22 Nov 2021 - {{hitsCtrl.values.hits}}
Clearing some ambiguities surrounding the enforcement of the Special Goods and Services Tax (SGST), a government official said the proposed tax would only apply to identified sectors and would come as a composite tax in place of the multiple taxes such as Excise duty and the Value Added Tax and other levies.
However, the rate of tax, if that is going to be a single rate across the designated sectors, and who is going to be the collecting authority, are some of the areas which require clarity from authorities.
“We wanted to composite the taxes on liquor, tobacco, betting, gaming and telecom industries specially, and the motor vehicles,” said Priyanka Dissabandara, Tax Advisor to the Ministry of Finance explaining the rationale behind the SGST.
Although the proposal for the SGST came in the budget presented last year, it wasn’t enforced during 2021 despite the drafting of regulations.
“The Act is already drafted so it will be implemented with effect from January 1, 2022, hopefully”, Dissabandara added speaking at a recently held post budget forum.
At present, the identified sectors are taxed by different authorities, with multiple taxes at different rates.
For instance, the alcohol and cigarette industries are taxed via the 8 percent Value Added Tax (VAT) and the Excise duty, at rates applicable for specific items.
Meanwhile, telecom services are taxed at 8 percent VAT, 11.25 percent of Telecommunications Levy and the 2 percent cess. Meanwhile, betting and gaming is taxed at 8 percent VAT or levy on gross collection at 10 percent plus and an annual levy. Motor vehicles are taxed via Excise duty charged at various rates.
Hence, the purpose of the SGST, according to Nisthar Sulaiman, Partner Tax at Earnst & Young is to introduce an online managed composite tax in lieu of the various other taxes applied at present and to relieve the various government bodies of their task of collecting taxes by appointing a single tax collection authority.

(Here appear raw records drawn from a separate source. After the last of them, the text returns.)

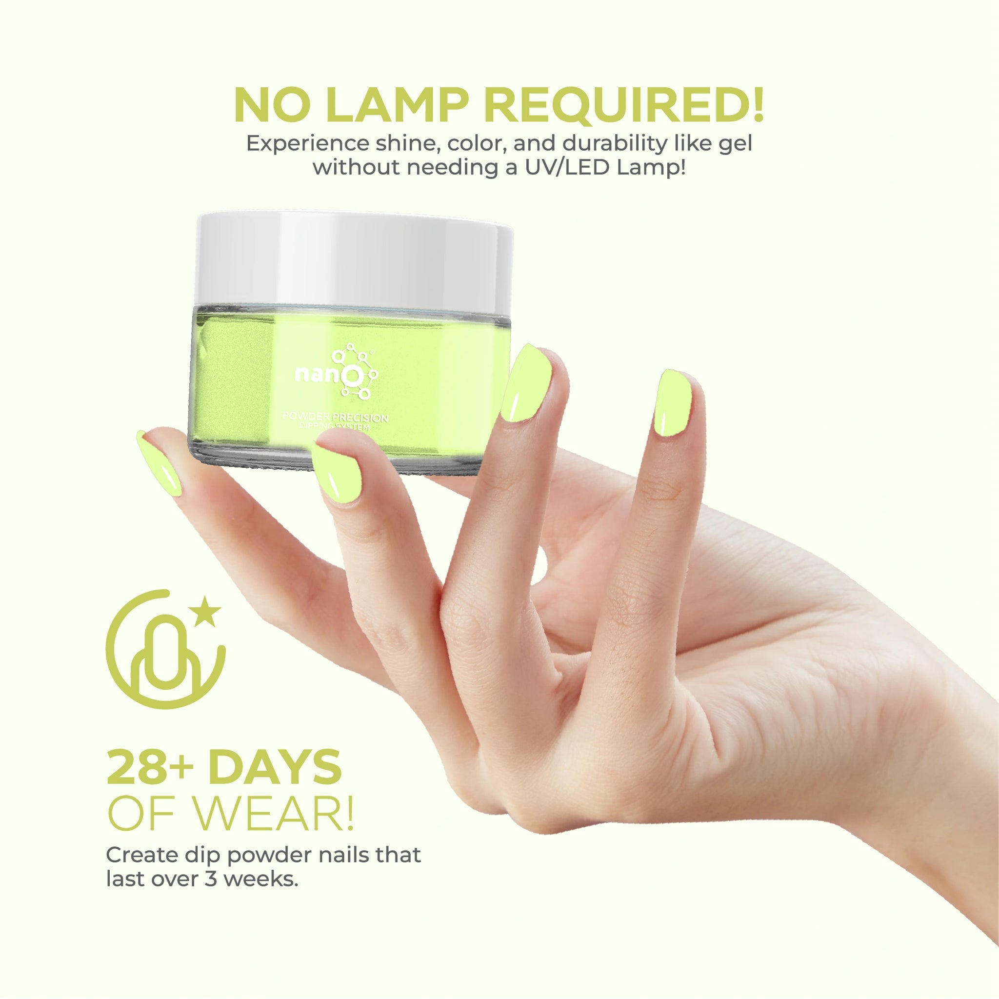 • احصلي على لمسة نهائية بجودة الصالون باستخدام نظام مسحوق الغمس البسيط وسهل الاستخدام.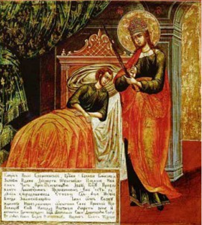 Однажды этот благочестивый клирик заболел опасной и мучительной болезнью: у него начал гнить язык, и боль была настолько сильна, что он терял рассудок. Придя в себя, больной в уме прочитал свою обыкновенную молитву к Богоматери и тотчас у своего изголовья увидел стоящего прекрасного юношу. Больной понял, что этот гость есть ангел-хранитель. Взирая с состраданием на больного, ангел воззвал к Пресвятой Богородице, вознося Ей моление об исцелении. Вдруг явилась Сама Божия Матерь и, умилосердившись над болящим страдальцем, явила знамение Своей великой любви. Больной сразу почувствовал себя совершенно здоровым и пошел в церковь. Став на клиросе с поющими, он принял участие в церковном пении, приведя в изумление народ. Это великое чудо подало повод к изображению Богоматери «Целительницы».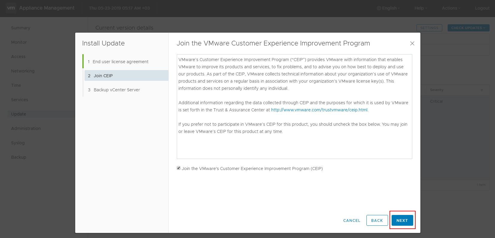 Karşımıza install update menüsü açılıyor burada bize lisans sözleşmesi ve VMware müşteri deneyimleri programına katılmak istiyormusun diye soracaktır. Gerekli bölümleri doldurdukdan sonra Next diyerek devam ediyoruz.

“The intention of the government is to relieve these bodies which are collecting the various taxes and allow them to do regulation and have one authority to collect the tax,” said Sulaiman speaking at a webinar organised by the Institute of Certified Management Accountants of Sri Lanka last week.
Underscoring this, Dissabandara said the SGST is “actually a conversion from the Excise duty to the SGST.
So, it will be the same tax but a slight difference will be there”, in relation to the amount of tax revenue collected. While there are early indications that different SGST tax rates would apply to different industries, Sulaiman asked whether the SGST would incorporate the VAT and if so would there be an input credit mechanism available to avoid a potential cascading effect.